Pointwise convergence of almost periodic Fourier series and associated series of dilates

Let $\mathcal S^2$ be the Stepanov space and let $ \lambda_n\uparrow\infty$. Let $(a_n)_{n\ge 1}$ be satisfying Wiener's condition $A:= \sum_{n\ge 1} \big(\sum_{k\, :\, n\le \lambda_k \le n+1}|a_k|\big)^2 <\infty$. We prove that $\big\| \sup_{N\ge 1} \big|\sum_{n=1}^Na_n{\rm e}^{i\lambda_n t}\big| \, \big\|_{\mathcal S^2}\le C\, A^{1/2} $ where $C>0$ denotes a universal constant.
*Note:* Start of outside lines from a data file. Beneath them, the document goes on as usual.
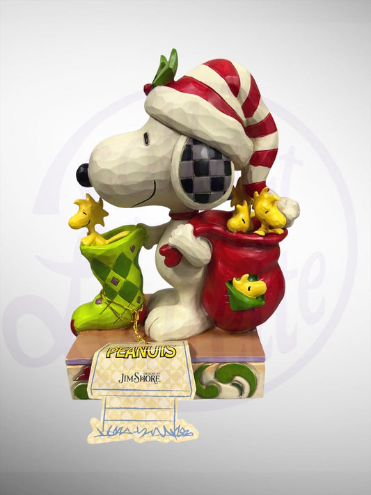 Jim Shore Peanuts - Prepping for Santa Snoopy Woodstock Figurine (No Box)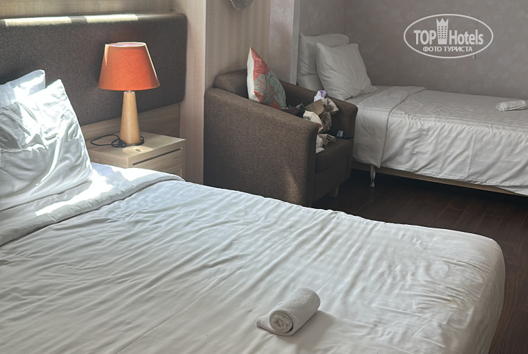 Номер попался 604, одна двухспальная кровать и одна односпальная, в номере есть чайник, холодильник, чай кофе вода каждый день обновляется.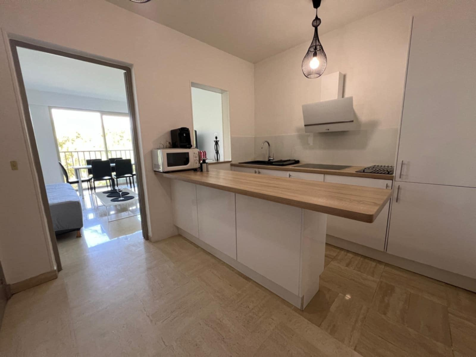 Un appartement comprenant deux pièces principales avec de nombreux rangements. Il dispose également d'une cuisine américaine tout équipée.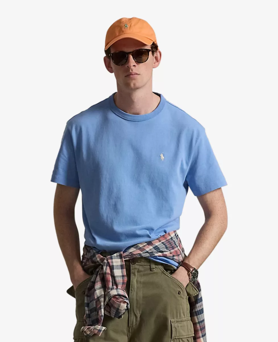 M Classics T-shirt van Polo Ralph Lauren in lichtblauw. Dit katoenen jersey T-shirt, is een Polo-essential. Met het kenmerkende geborduurde logo op de borst is dit shirt een tijdloze toevoeging aan de garderobe.
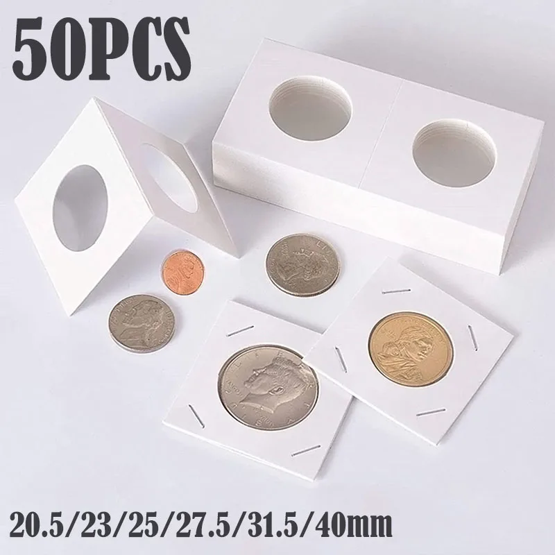 50PCS 정사각형 골판지 케이스 동전 앨범 기념 동전 종이 보호 클립 동전 용품 보관 20.5/23/25/27.5/31.5/40mm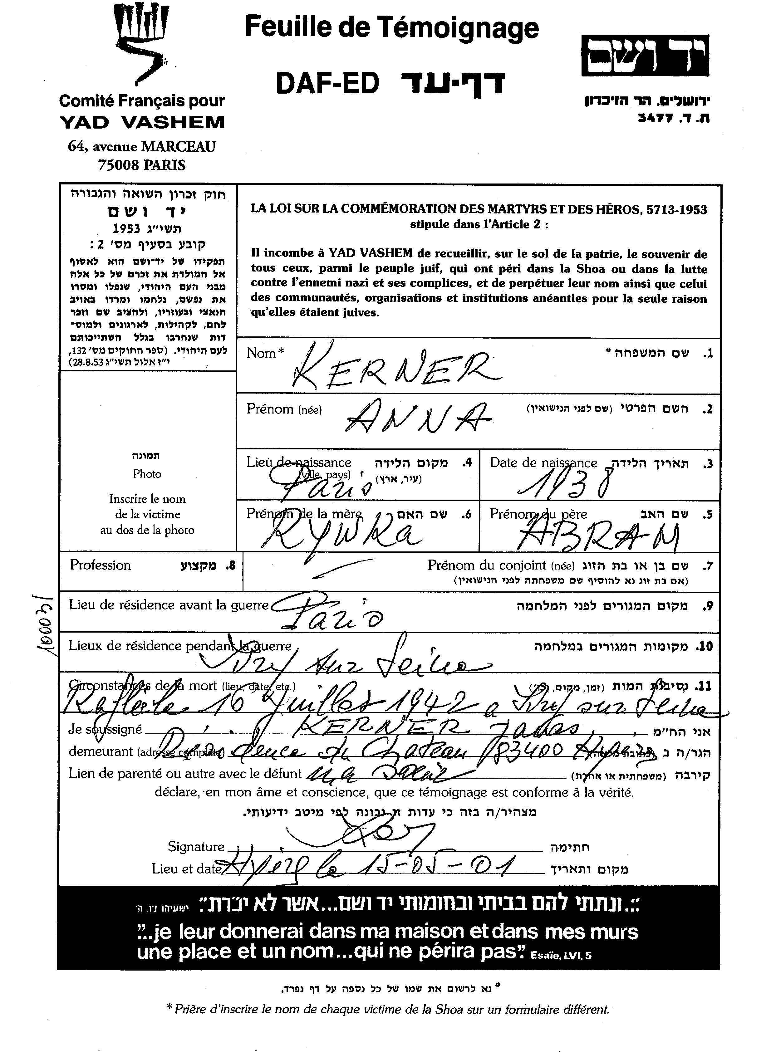 Anna Kerner was born in Paris, France, 1938 to Abram and Rywka. Prior to WWII she lived in Paris, France. During the war she was in Ivry sur Seine, France.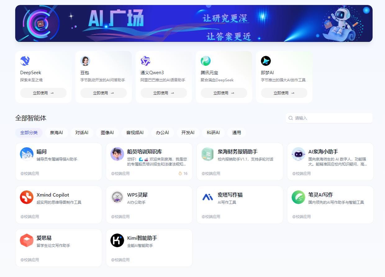 (新闻中心讯 数智化管理处供稿 党委宣传报道)近日,学校数智化管理处牵头打造的“AI广场”平台正式上线运行。该平台集移动端与PC端于一体,致力于为全校师生提供统一、便捷、安全的人工智能工具访问入口,标志着我校在教育数字化转型与智能化服务体系建设方面取得了又一实质性突破。“AI广场”平台坚持“自主创新与开放集成并重”的建设理念,构建两大核心板块:一是由学校数智化管理处基于校内知识沉淀,自主研发泉海AI系列智能体,...

Moreover, the series $\sum_{n\ge 1} a_n{\rm e}^{it\lambda_n }$ converges for $\lambda$-a.e. $t\in \mathbb R$. This contains as a special case Hedenmalm and Saksman result for Dirichlet series. We also obtain maximal inequalities for corresponding series of dilates. Let $1\le p,q\le 2$ be such that $1/p+1/q=3/2$. Then for any sequence $(\alpha_n)_{n\ge 1}$ and $(\beta_n)_{n\ge 1}$ of complex numbers such that $K:=\sum_{n\ge 1} \big(\sum_{k\,:\, n\le \lambda_k< n+1}|\alpha_k|\,\big)^p <\infty$ and $L:=\sum_{n\ge 1} \big(\sum_{k\,:\, n\le \mu_k< n+1} |\beta_k|\,\big)^q <\infty$, we have $$ \Big\|\sup_{N\ge 1} \big|\sum_{n=1}^N \alpha_n D(\lambda_n t)\big|\, \Big\|_{\mathcal S^2} \le C\, K^{1/p}\, L^{1/q } $$ where $D(t)= \sum_{n\ge 1}\beta_n {\rm e}^{i\mu_n t}$ is defined in $\mathcal S^2$. Moreover, the series $\sum_{n\ge 1} \alpha_n D(\lambda_nt)$ converges in $\mathcal S^2$ and for $\lambda$-a.e. $t\in \mathbb R$. We further show that if $\{\lambda_k, k\ge 1\}$ satisfies the following condition $$\sum_{ k\not=\ell\,,\, k'\not=\ell'\atop (k,\ell)\neq(k',\ell')}\big(1-|(\lambda_k-\lambda_\ell)-(\lambda_{k'}-\lambda_{\ell'}) |\big)_+^2 \, <\infty,$$ then the series $\sum_{k} a_k {\rm e}^{i\lambda_kt}$ converges on a set of positive Lebesgue measure, only if the series $\sum_{k=1}^\infty |a_k|^2$ converges. The above condition is in particular fulfilled when $\{\lambda_k, k\ge 1\}$ is a Sidon sequence.